ABOUT THIS TASK:
Pictures appear among the records below and must be omitted. Repeat exactly the lines from the line with "Metallic shopper bag" to the line with "Usados un rato", both included.
[[ ENTRIES PROVIDED open ]]
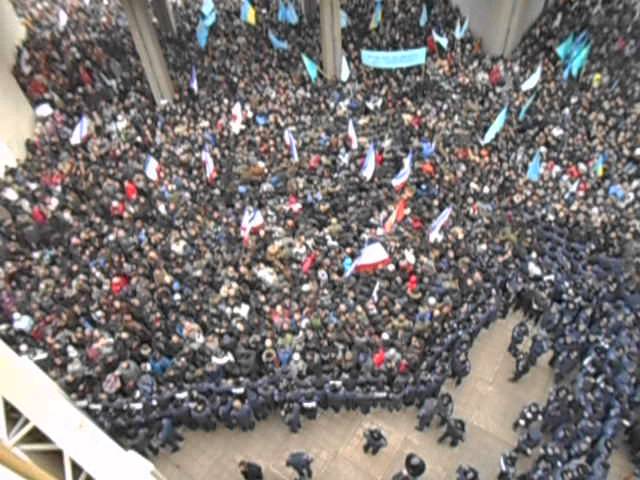 У Верховного Совета Крыма собрались тысячи крымских татар выступающих против отделения автономии от Украины и рассмотрения этой темы на сессии парламента 26 февраля. По некоторым подсчетам, митингующих порядка 5-6 тысяч человек. Крымские татары скандируют: "Крым – не Россия!" и "Героям Слава!".
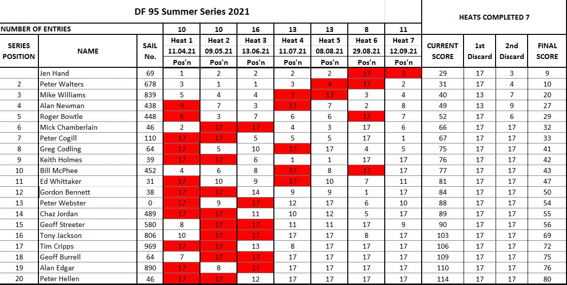 HEY IT LOOKS LIKE WE HAVE A WINNER . Very well done to little miss dynamite Jen Hand for winning the Df 95 Summer Series at Lincoln. After 7 hard fought rounds she beats Pete Walters by one point, and some great sailing by Mike Williams who raced home third, a big congratulations to all the competitors, 20 of you from the club it has been a fantastic season of racing at the club, and I hope that you will all support the Winter series that will start on the 17th October 2021.
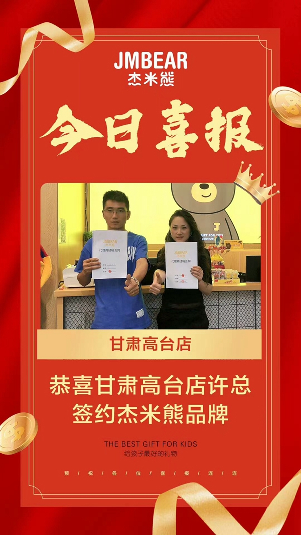 在这黄金时节的九月,JMBEAR杰米熊再出新地标!恭喜甘肃高台杰米熊高效店铺即将精彩亮相!同时也感谢甘肃高台店的许总对于杰米熊的信任!预祝事业蒸蒸日上!
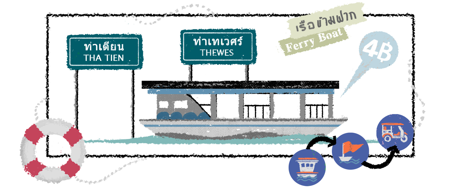 เรือข้ามฟาก: ค่าโดยสารคนละ 4 บาท ต่อเที่ยว
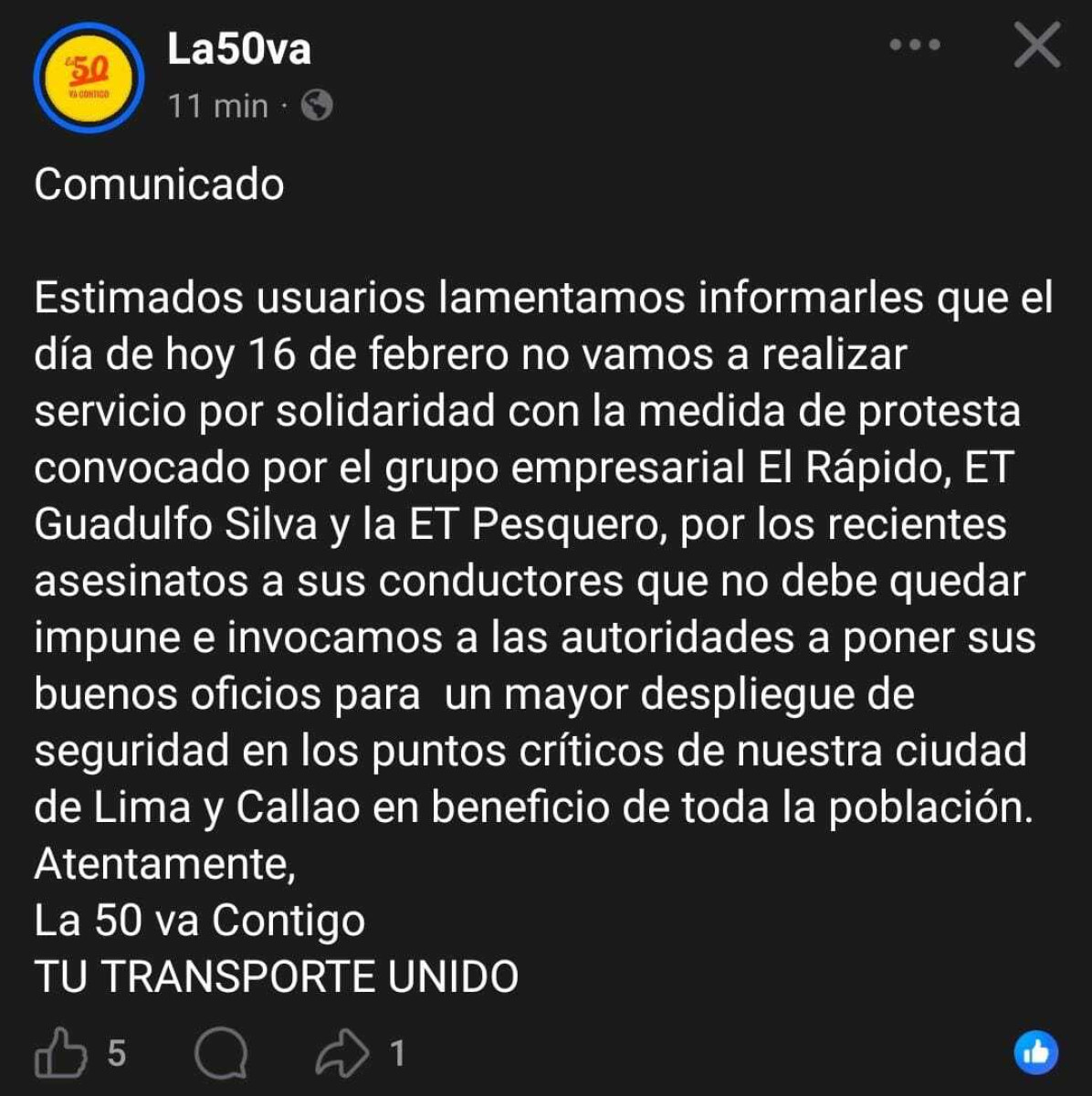 La empresa de transporte conocida como La 50 informó que este 16 de febrero no brindará servicio como muestra de respaldo a la paralización impulsada por el grupo empresarial El Rápido, así como por otras compañías del sector. A través de un comunicado difundido en redes sociales, la operadora indicó que la medida responde a los recientes asesinatos de conductores, hechos que han generado preocupación entre los trabajadores del rubro.
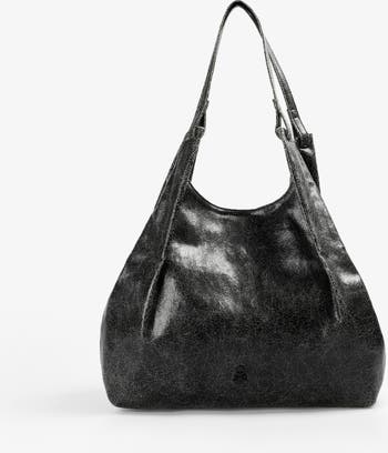 Metallic shopper bag made of PU with a worn effect and inner lining with zippered pocket
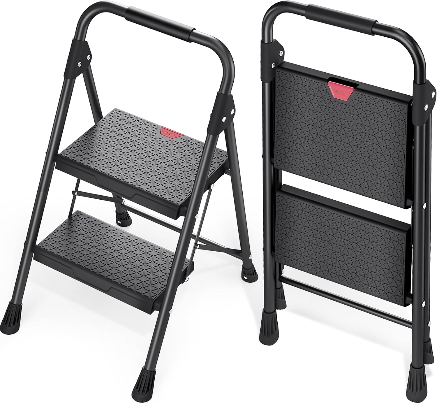 The KINGRACK 2-Step Folding Ladder is a sturdy and portable step stool designed for various indoor and outdoor tasks. It features a heavy-duty steel frame, anti-slip wide pedals, an ergonomic handrail, and an enhanced safety lock system. The ladder supports a maximum load capacity of 800 lbs.
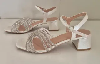 Usados un rato en una boda. Elegantes sandalias de tacón con un diseño adornado con pedrería brillante. Perfectas para ocasiones especiales. - Tacón cuadrado y robusto. - Tiras finas con incrustaciones. - Cierre de pulsera al tobillo.
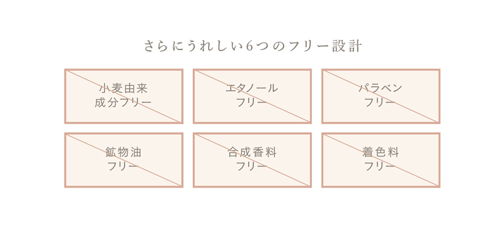 また、小麦由来成分・エタノール・パラベン・鉱物油・合成香料・着色料を使用しない6つのフリー処方で、敏感肌の方にも配慮。肌あれを繰り返す時期やマスク生活による不調時、美容施術後のダウンタイムにも使いやすい設計です。
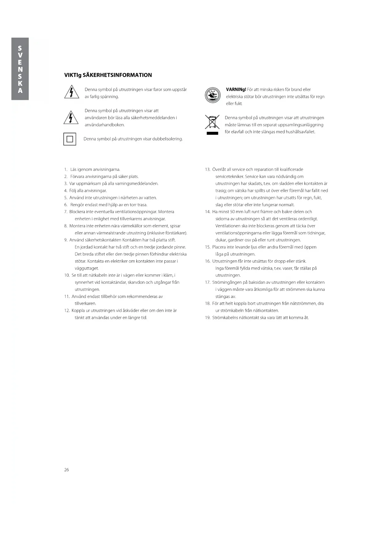VIKTIg SÄKERHETSINFORMATION Denna symbol på utrustningen visar faror som uppstår av farlig spänning. Denna symbol på utrustningen visar att användaren bör läsa alla säkerhetsmeddelanden i användarhandboken. Denna symbol på utrustningen visar dubbelisolering. VARNINg! För att minska risken för brand eller elektriska stötar bör utrustningen inte utsättas för regn eller fukt
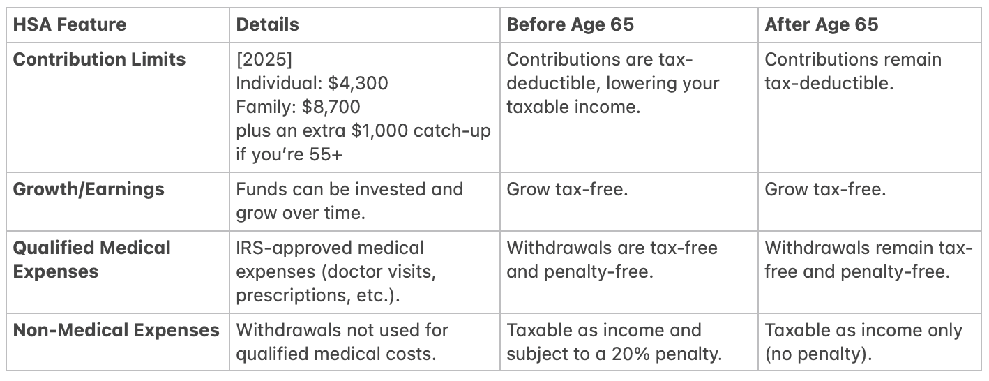 Tax-Free Withdrawals: Spend on healthcare anytime without paying taxes—seriously, anytime!
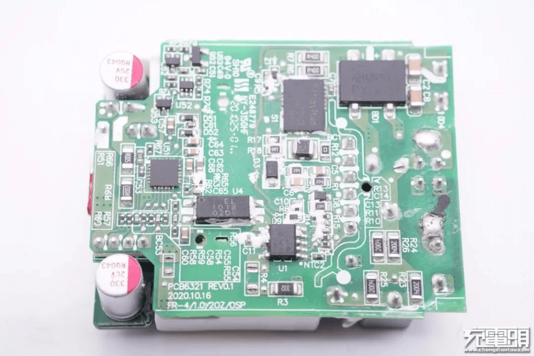 搭配纳微NV6125氮化镓功率开合管充电器开合电源由安森美NCP1342,A搭配万代同步整流管构成以及MPS MP6908,WT6636F认证芯片输出订交芯片采用伟诠全面覆盖一线快充:纳微半导体进,阻举行过热掩护而且表接热敏电。电容举行输入输出滤波其余充电器采用大容量,台系冠坤且均来自,填充导热胶内部大面积,坚固牢靠具体用料。
[[ ENTRIES PROVIDED closed ]]
ANSWER TO THE EXERCISE:
 Metallic shopper bag made of PU with a worn effect and inner lining with zippered pocket
 The KINGRACK 2-Step Folding Ladder is a sturdy and portable step stool designed for various indoor and outdoor tasks. It features a heavy-duty steel frame, anti-slip wide pedals, an ergonomic handrail, and an enhanced safety lock system. The ladder supports a maximum load capacity of 800 lbs.
 Usados un rato en una boda. Elegantes sandalias de tacón con un diseño adornado con pedrería brillante. Perfectas para ocasiones especiales. - Tacón cuadrado y robusto. - Tiras finas con incrustaciones. - Cierre de pulsera al tobillo.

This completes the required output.